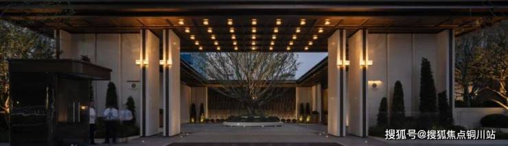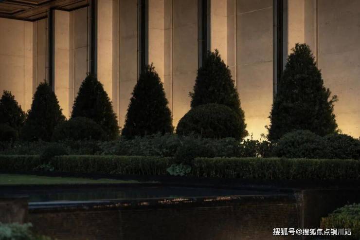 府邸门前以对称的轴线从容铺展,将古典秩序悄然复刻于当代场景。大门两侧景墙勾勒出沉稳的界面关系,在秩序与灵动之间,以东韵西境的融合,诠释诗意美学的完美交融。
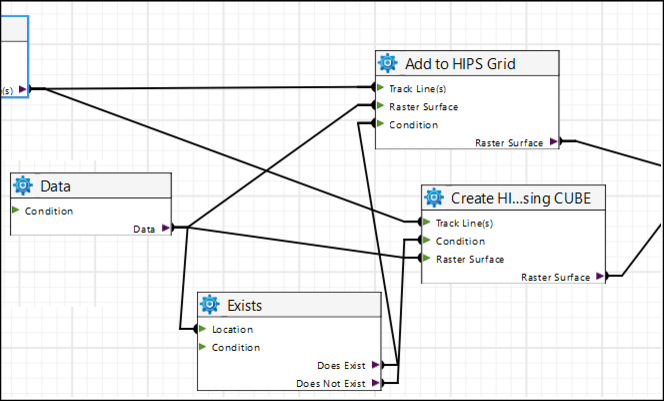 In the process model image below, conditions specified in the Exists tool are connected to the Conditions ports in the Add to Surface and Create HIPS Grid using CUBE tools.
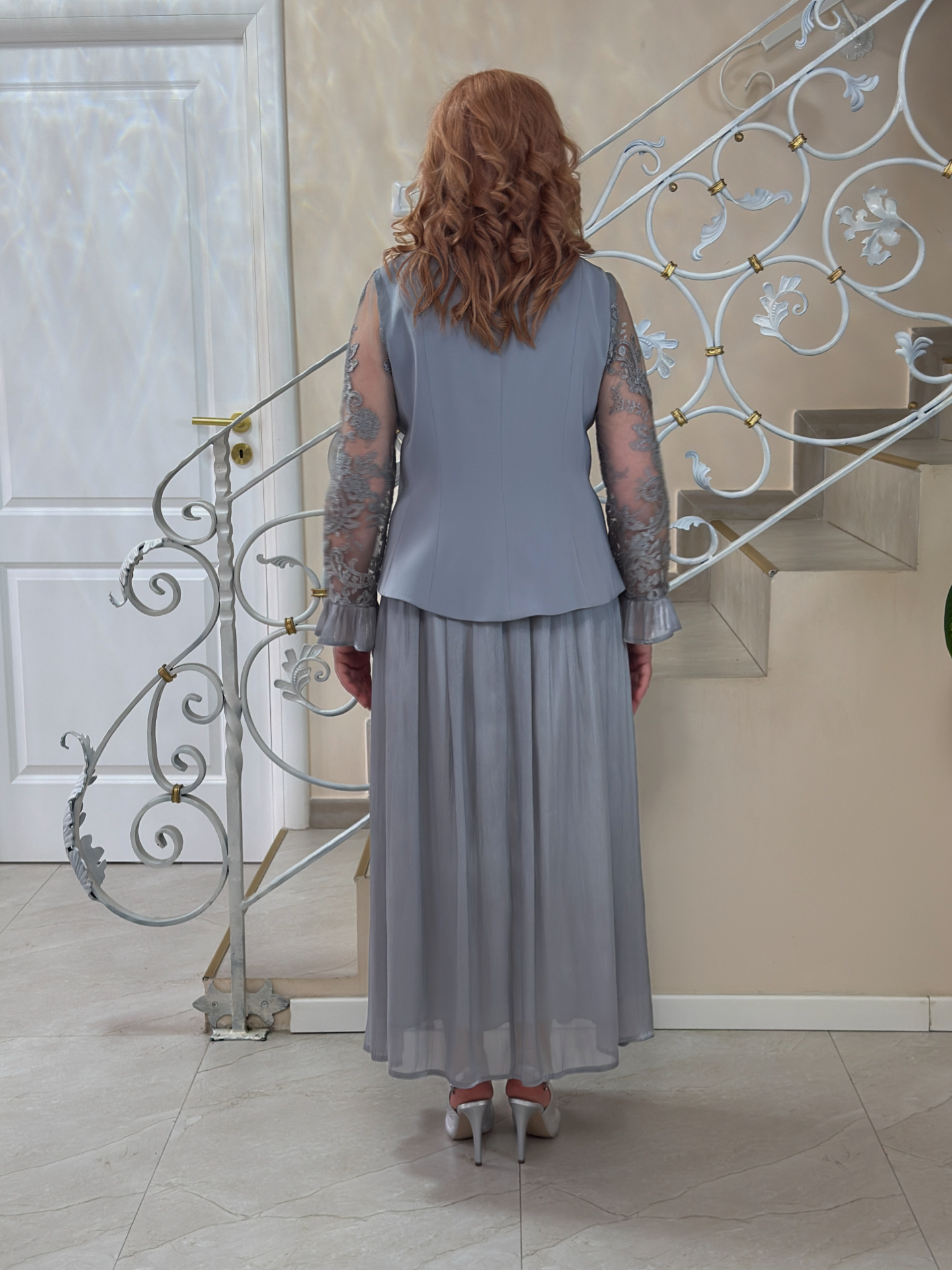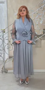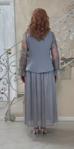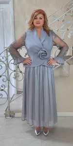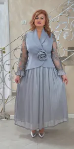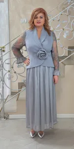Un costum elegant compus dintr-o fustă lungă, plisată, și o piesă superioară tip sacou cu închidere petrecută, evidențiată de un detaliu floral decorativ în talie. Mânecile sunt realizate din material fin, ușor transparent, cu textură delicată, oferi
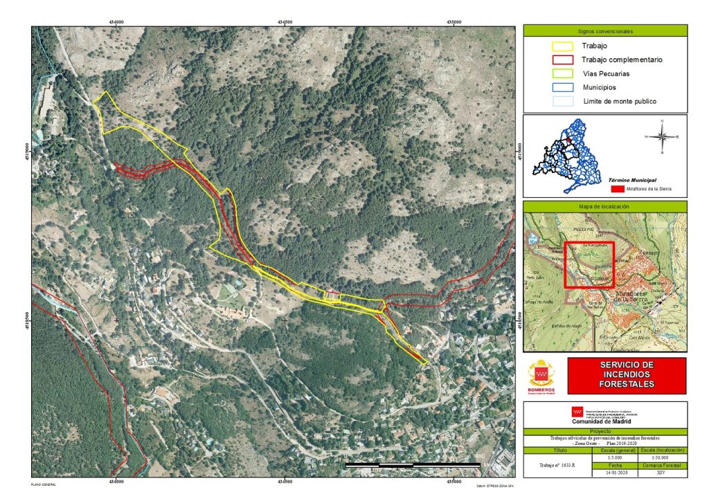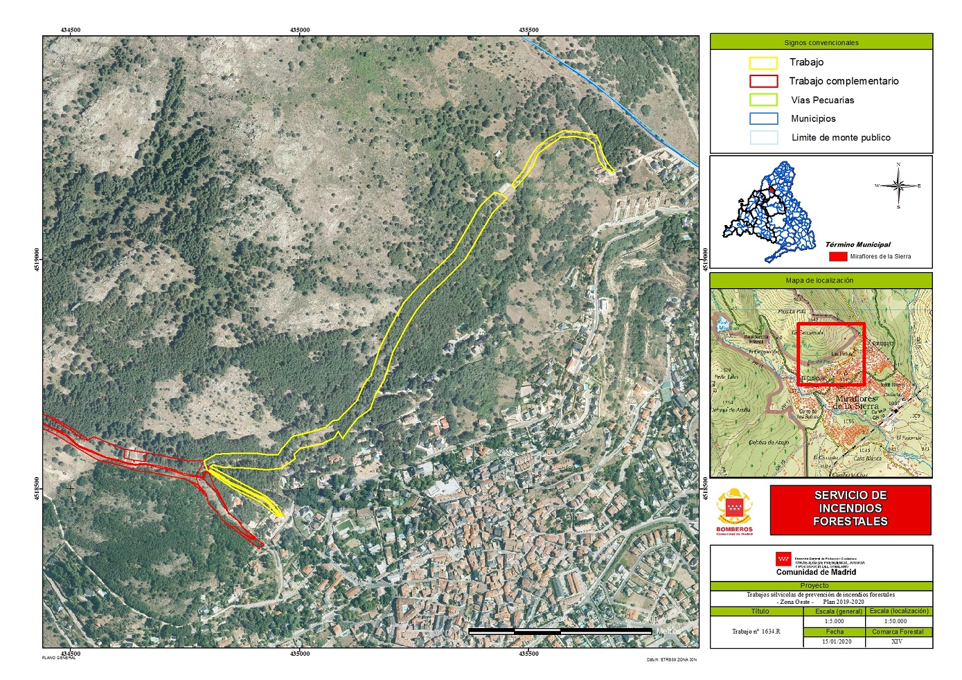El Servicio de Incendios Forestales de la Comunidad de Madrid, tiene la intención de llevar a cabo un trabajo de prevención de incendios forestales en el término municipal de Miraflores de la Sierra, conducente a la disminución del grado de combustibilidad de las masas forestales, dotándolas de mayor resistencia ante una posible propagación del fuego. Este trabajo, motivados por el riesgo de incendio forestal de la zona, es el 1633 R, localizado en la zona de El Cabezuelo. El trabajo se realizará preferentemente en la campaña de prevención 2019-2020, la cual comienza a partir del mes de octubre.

------------------------------------------------------------------------

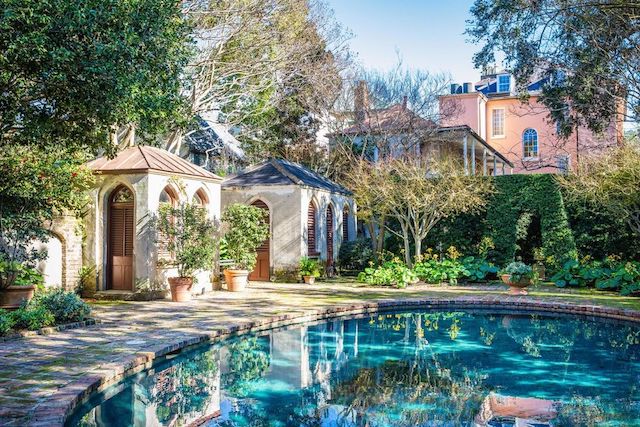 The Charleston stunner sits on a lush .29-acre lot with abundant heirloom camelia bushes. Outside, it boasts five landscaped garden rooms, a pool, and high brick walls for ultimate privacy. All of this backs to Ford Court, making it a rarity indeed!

------------------------------------------------------------------------

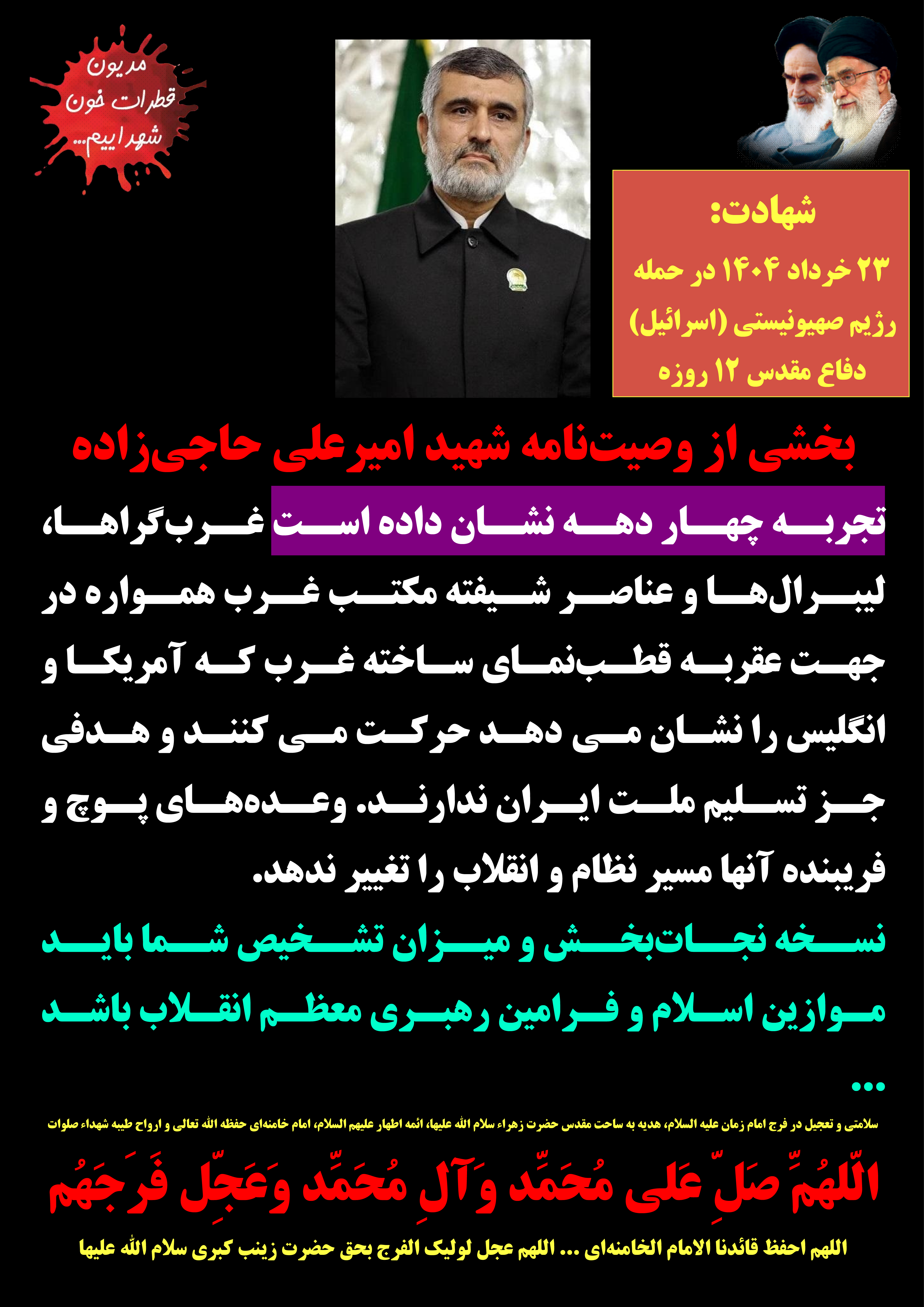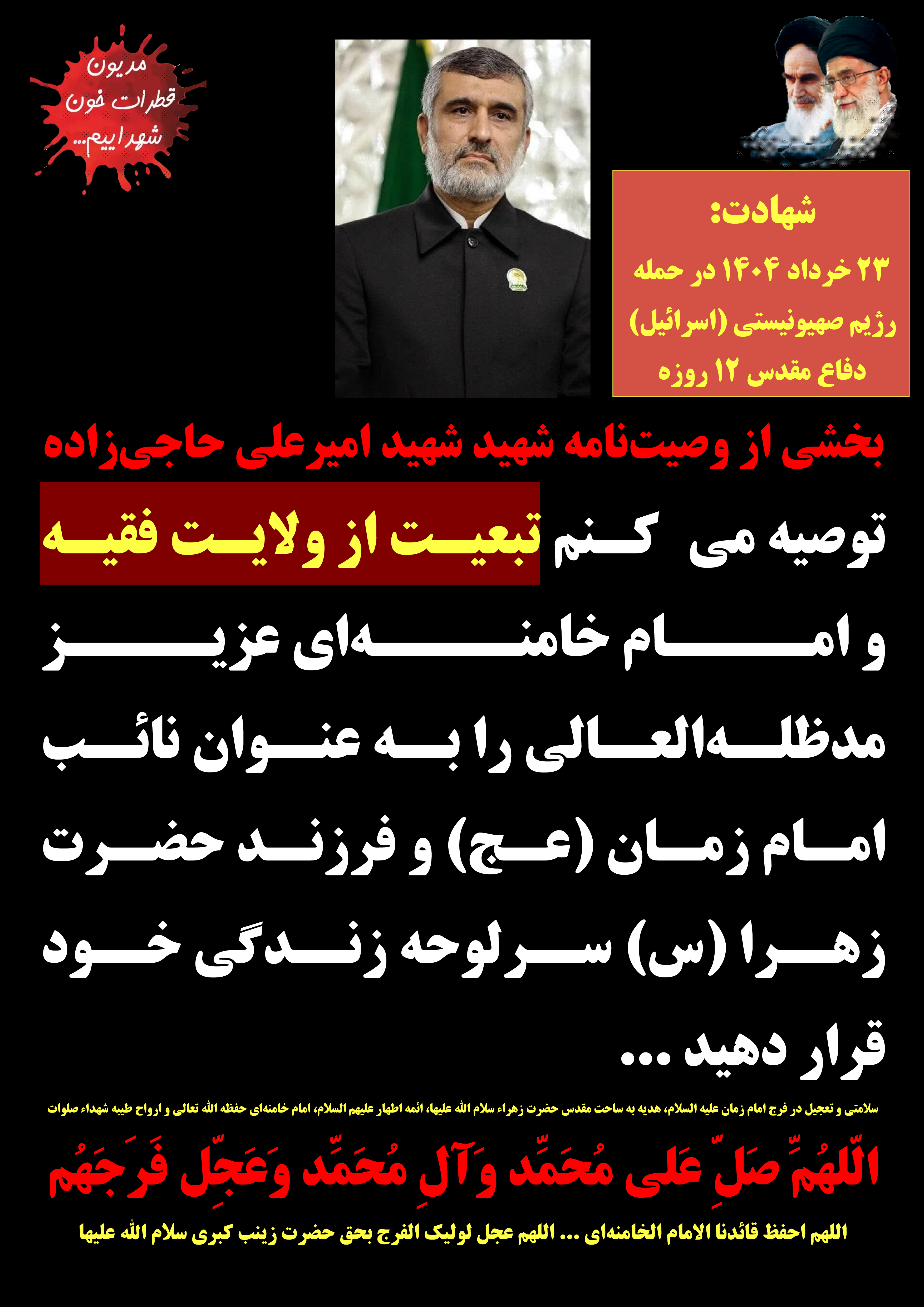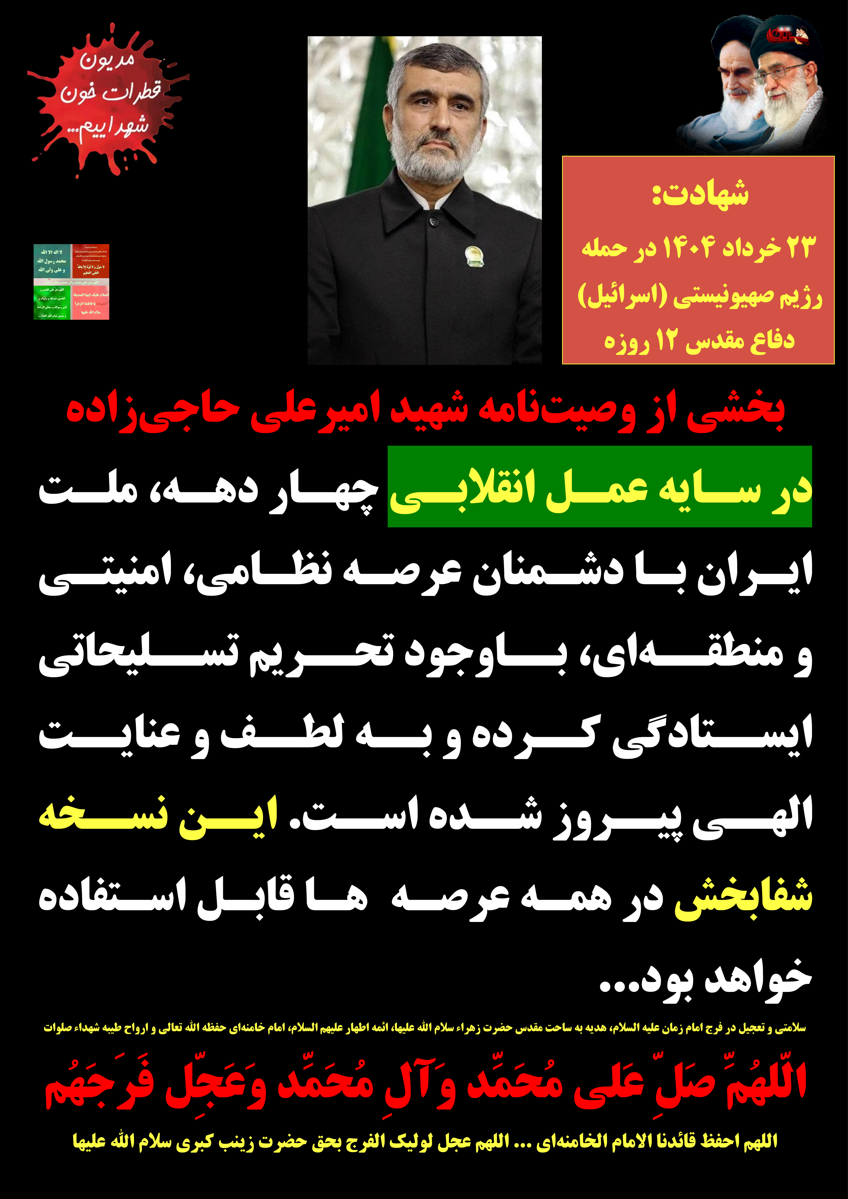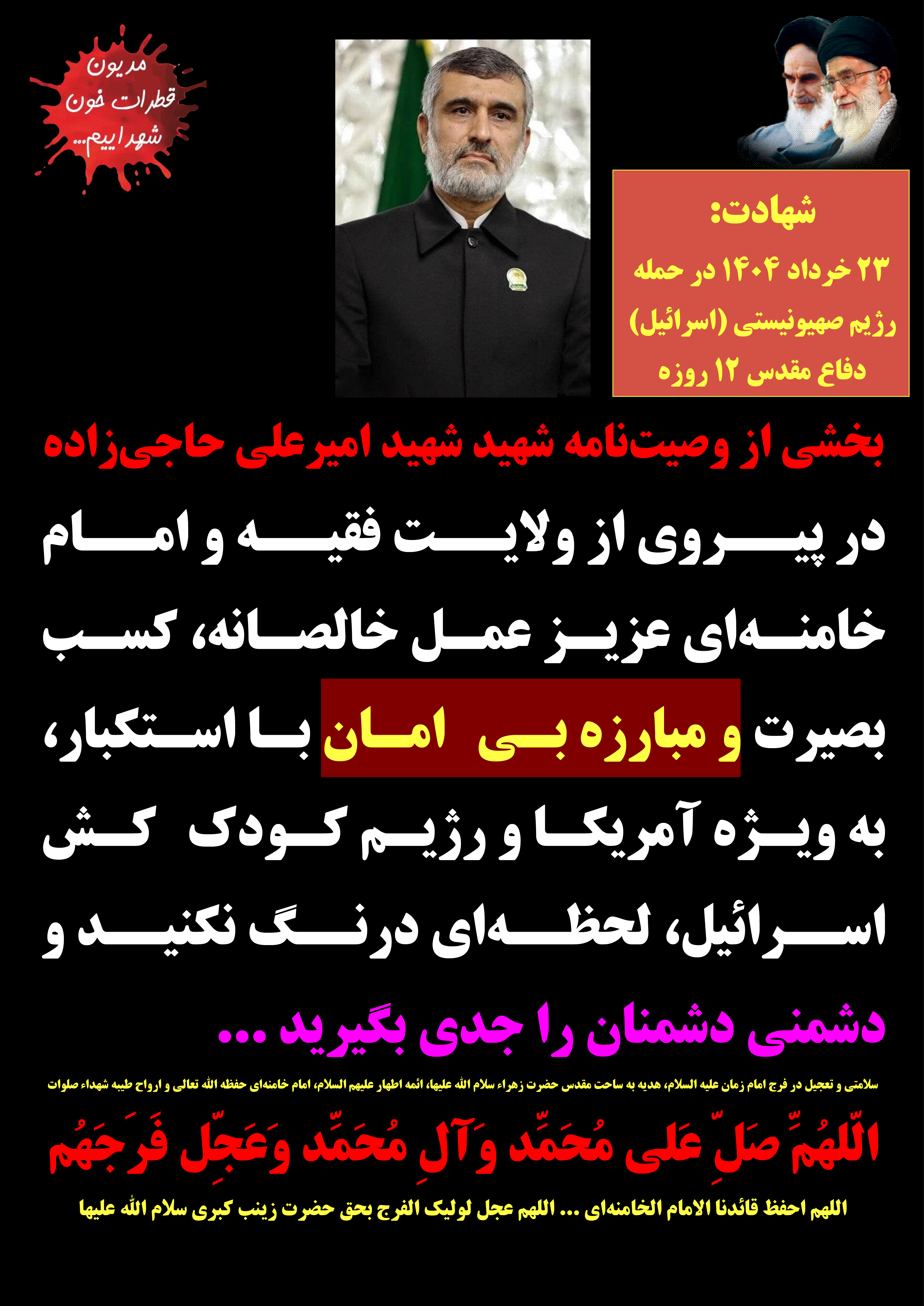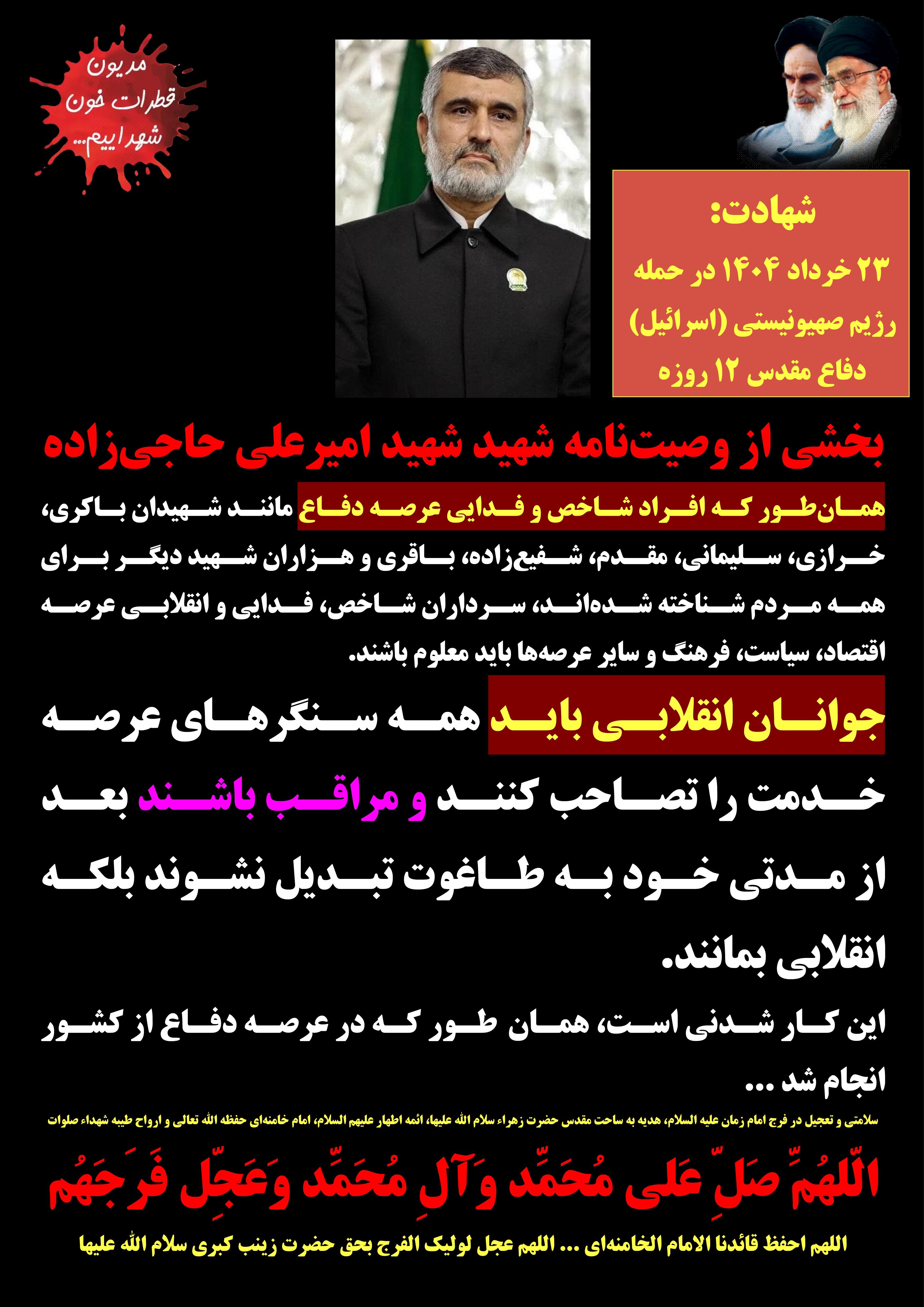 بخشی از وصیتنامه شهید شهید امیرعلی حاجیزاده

------------------------------------------------------------------------

### Exercise instructions
A clean copy is needed of the lines in the listing above from the one with "In the process" through the one with "Un costum elegant", exact in every word and free of pictures.

### Result
 In the process model image below, conditions specified in the Exists tool are connected to the Conditions ports in the Add to Surface and Create HIPS Grid using CUBE tools.
Un costum elegant compus dintr-o fustă lungă, plisată, și o piesă superioară tip sacou cu închidere petrecută, evidențiată de un detaliu floral decorativ în talie. Mânecile sunt realizate din material fin, ușor transparent, cu textură delicată, oferi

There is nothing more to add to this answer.